Work request:
In the entries below, which lines run from the one with "Snygg mörkblå dunväst" through the one with "老地学楼门口地质地理系师生欢"? Repeat exactly those, both included, and no pictures.

Start of Data

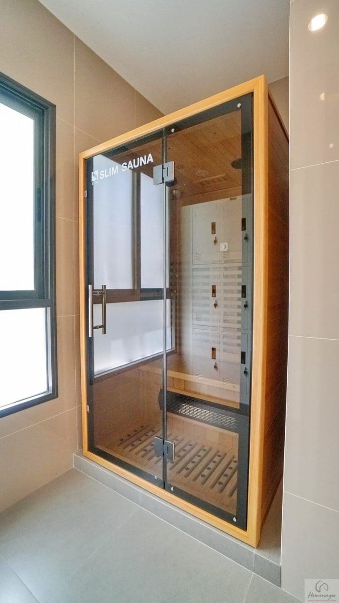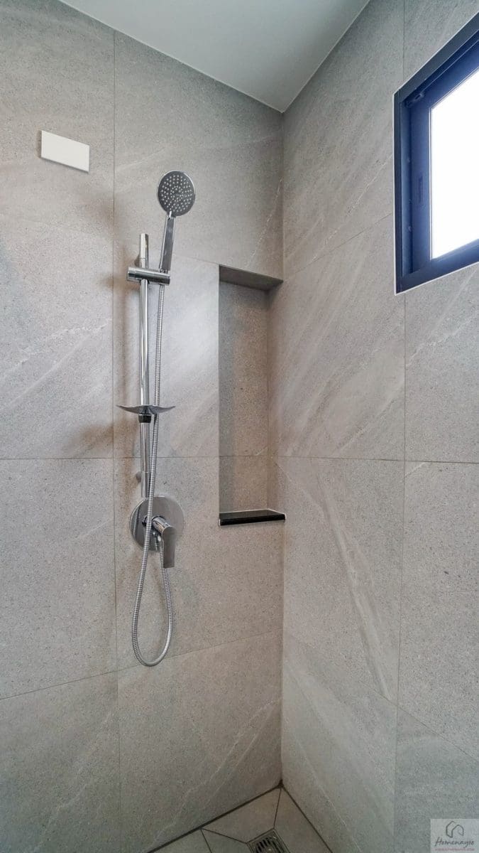 มุมอาบน้ำด้านในใช้ฝักบัว Hand Shower มีราวปรับระดับสูง-ต่ำและชั้นวางสบู่ในตัว ด้านข้างเจาะผนังทำเป็นชั้นวางของใช้ต่าง ๆ พร้อมเดินงานระบบไฟฟ้ามี Junction Box รองรับการติดตั้งเครื่องทำน้ำอุ่นมาให้เรียบร้อย
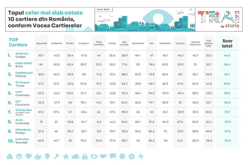 Când vine vorba despre topul celor mai slab cotate 10 cartiere, pe primul loc se regăsește cartierul „Nufărul 2” din Oradea, cu un scor total de 44,2, indicând cele mai negative evaluări, în special din cauza parcărilor, costului general al vieții și curățeniei. Pe locul al doilea în acest top este cartierul „Calea Galați” din Brăila (54,4), care a primit punctaje foarte mici în special la existența pistelor de biciclete, liniște și încălzire. Pe următorul loc în top se regăsește cartierul „2 Moldoveni” (55,1) din Călărași, cu scoruri foarte mici la existența pistelor de biciclete, liniște și curățenie. Următoarele cartiere din top sunt „23 August” (55,9) din Brăila, „Inel 1” (56,9) și „CET” (56,9) din Constanța, dar și „Crihala Sud” (57,1) din Drobeta-Turnu Severin. Pe ultimele trei locuri în acest top, cu același scor, de 57,5 puncte, se regăsesc cartiere precum „Anda” din Constanța, „Mihai Bravu” din Ploiești și „Colentina” din București.
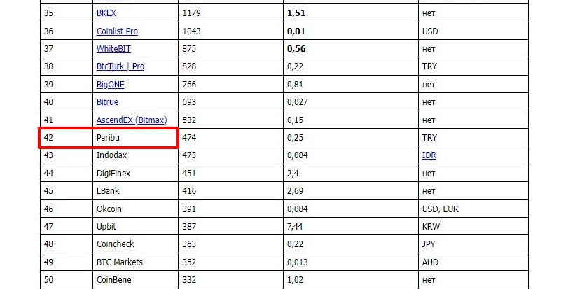 Paribu предоставляет собой веб-терминал для торговли криптовалютами, в особенности турецкой лирой (TRY), а также обмена биткойнов. В распоряжении трейдера личная команда экспертов и криптокошелек с повышенной системой защиты от хакерских атак. Благодаря этим инструментам биржа заняла 42-е место в ТОПе.
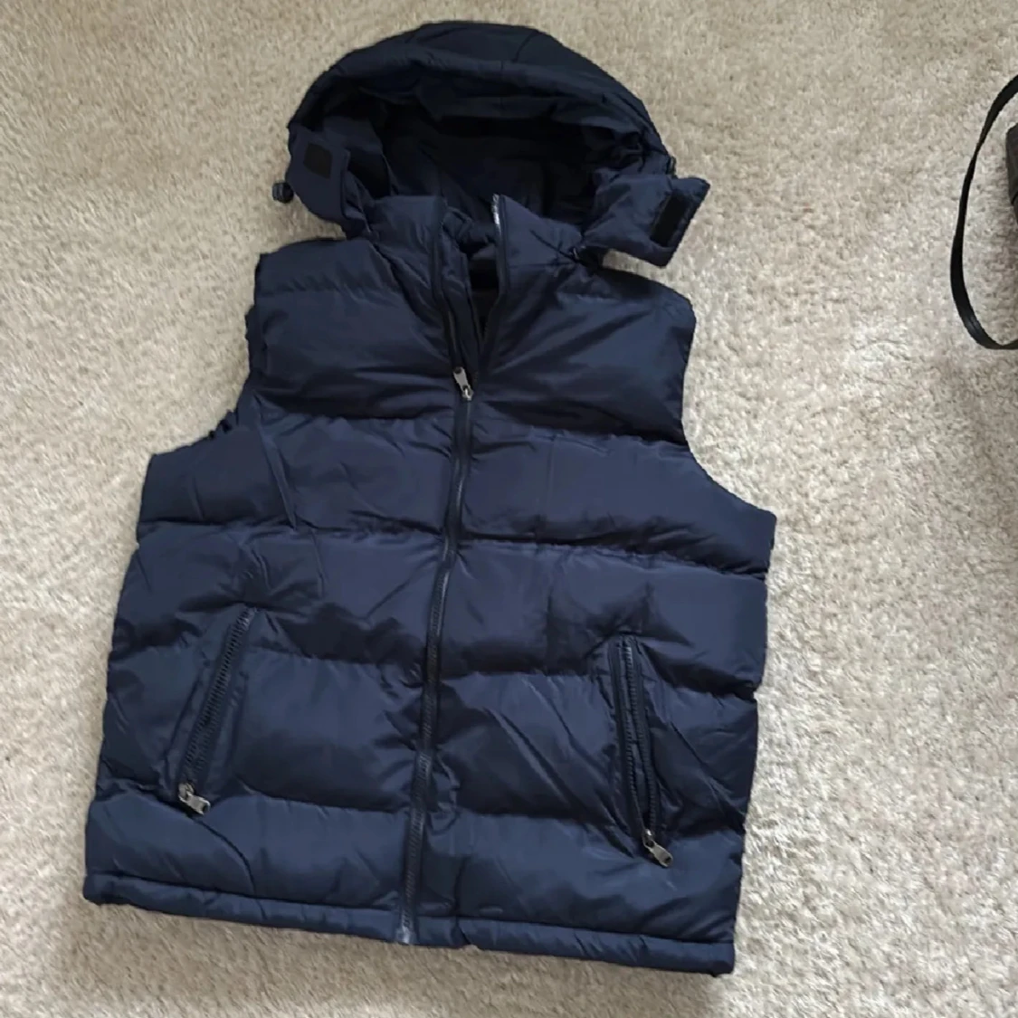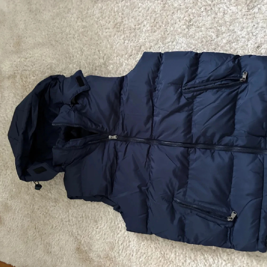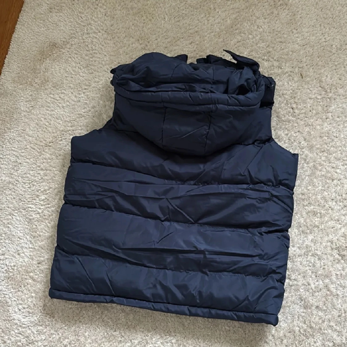 Snygg mörkblå dunväst med avtagbar huva och två praktiska fickor med dragkedja. Västen har quiltad design och hel dragkedja framtill. Perfekt för lager-på-lager och chill höstdagar. Passar dig som gillar sportig och clean stil.
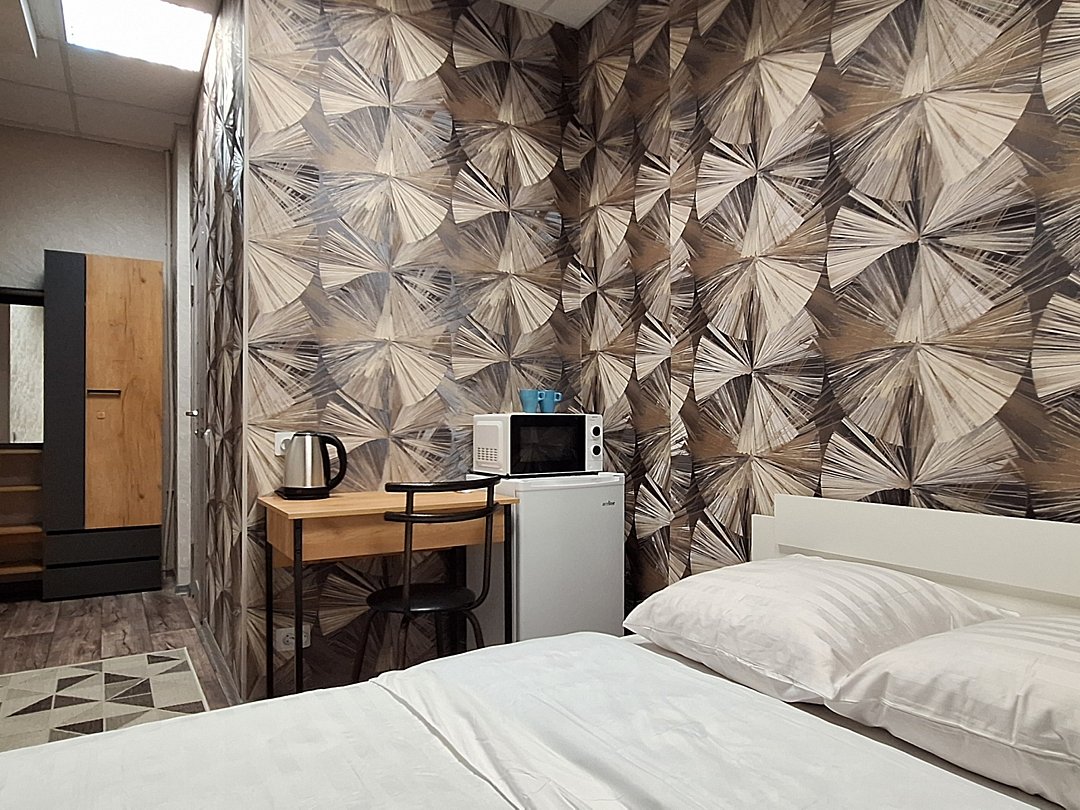 Уютный двухместный однокомнатный номер с одной двуспальной кроватью без балкона. В номере есть все, для комфортного проживания: двуспальная кровать, прикроватная тумба, шкаф для одежды, стол, электрический чайник, холодильник, телевизор с плоским экраном, СВЧ-печь, бесплатный Wi-Fi. Собственная ванная комната, полотенца, тапочки.В номере
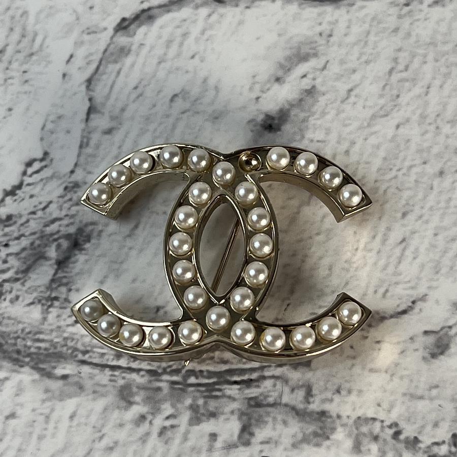 【アイテム】良品 CHANEL シャネル ココマーク フェイクパール 05V ブローチ A-8355
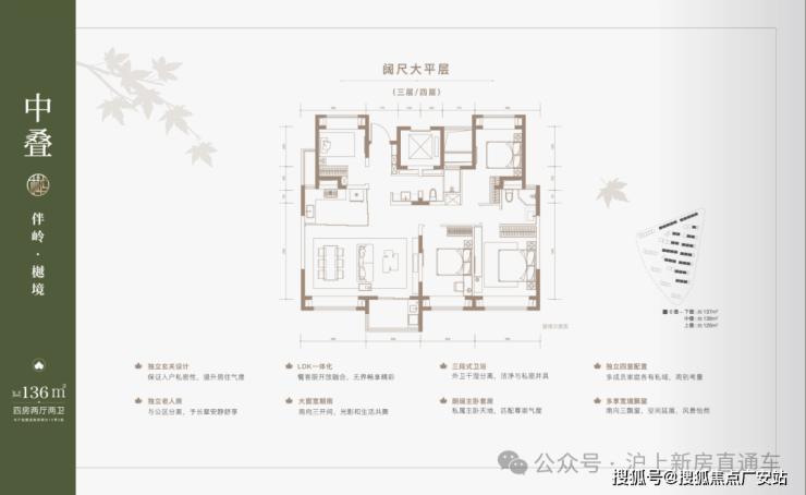 建面约137㎡下叠,四房两厅三卫全能格局,非常适合二娃家庭以及三代同堂。
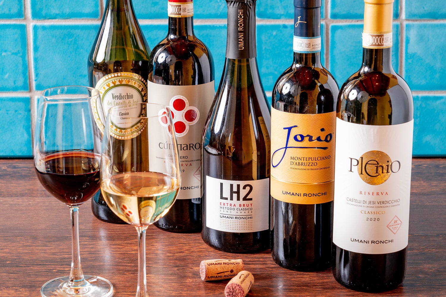『ウマニ・ロンキ』はイタリア中部の東海岸、美しい自然に恵まれたマルケ州のワイナリー。設立は1955年。いち早く近代的な畑の管理法やブドウ栽培法、新しいワイン醸造法を取り入れました。近年ではガンベロロッソ誌を始め、国際的にも評価の高いワイン醸造家、ジュゼッペ・カヴィオラ(Giuseppe Caviola)氏をコンサルタントに迎え、バリック熟成を取り入れた"レ・ブスケ"や"クマロ"、また「スーパー・マルケ」と言われる"ペラゴ"など、優れたワインを生み出しています。マルケ州のリーダー的な存在であるとともに、そのコストパフォーマンスのよさで知られる同社のワインには、気軽にワインを楽しんでほしいという熱い思いが込められています。
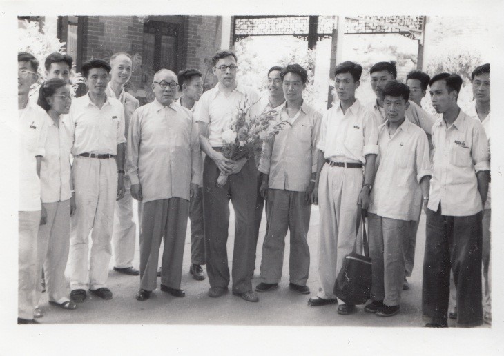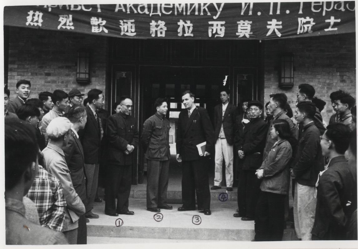 老地学楼门口地质地理系师生欢迎苏联科公司地理研究所所长格拉西莫夫院士(1955年)
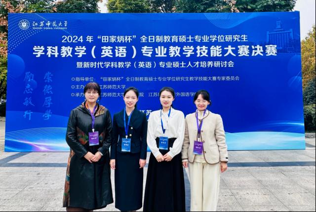 2024年11月9日-10日,全国“田家炳杯”全日制教育硕士专业学位研究生学科教学(英语)专业教学技能大赛决赛暨新时代学科教学(英语)专业硕士人才培养研讨会在江苏师范大学隆重举行。9728太阳集团2023级学科教学(英语)专业研究生涂诗琪荣获大赛二等奖、张继芳荣获大赛三等奖。王烈琴教授获得优秀指导教师奖。

End of Data

Answer box:
 Snygg mörkblå dunväst med avtagbar huva och två praktiska fickor med dragkedja. Västen har quiltad design och hel dragkedja framtill. Perfekt för lager-på-lager och chill höstdagar. Passar dig som gillar sportig och clean stil.
 Уютный двухместный однокомнатный номер с одной двуспальной кроватью без балкона. В номере есть все, для комфортного проживания: двуспальная кровать, прикроватная тумба, шкаф для одежды, стол, электрический чайник, холодильник, телевизор с плоским экраном, СВЧ-печь, бесплатный Wi-Fi. Собственная ванная комната, полотенца, тапочки.В номере
 【アイテム】良品 CHANEL シャネル ココマーク フェイクパール 05V ブローチ A-8355
 建面约137㎡下叠,四房两厅三卫全能格局,非常适合二娃家庭以及三代同堂。
『ウマニ・ロンキ』はイタリア中部の東海岸、美しい自然に恵まれたマルケ州のワイナリー。設立は1955年。いち早く近代的な畑の管理法やブドウ栽培法、新しいワイン醸造法を取り入れました。近年ではガンベロロッソ誌を始め、国際的にも評価の高いワイン醸造家、ジュゼッペ・カヴィオラ(Giuseppe Caviola)氏をコンサルタントに迎え、バリック熟成を取り入れた"レ・ブスケ"や"クマロ"、また「スーパー・マルケ」と言われる"ペラゴ"など、優れたワインを生み出しています。マルケ州のリーダー的な存在であるとともに、そのコストパフォーマンスのよさで知られる同社のワインには、気軽にワインを楽しんでほしいという熱い思いが込められています。
 老地学楼门口地质地理系师生欢迎苏联科公司地理研究所所长格拉西莫夫院士(1955年)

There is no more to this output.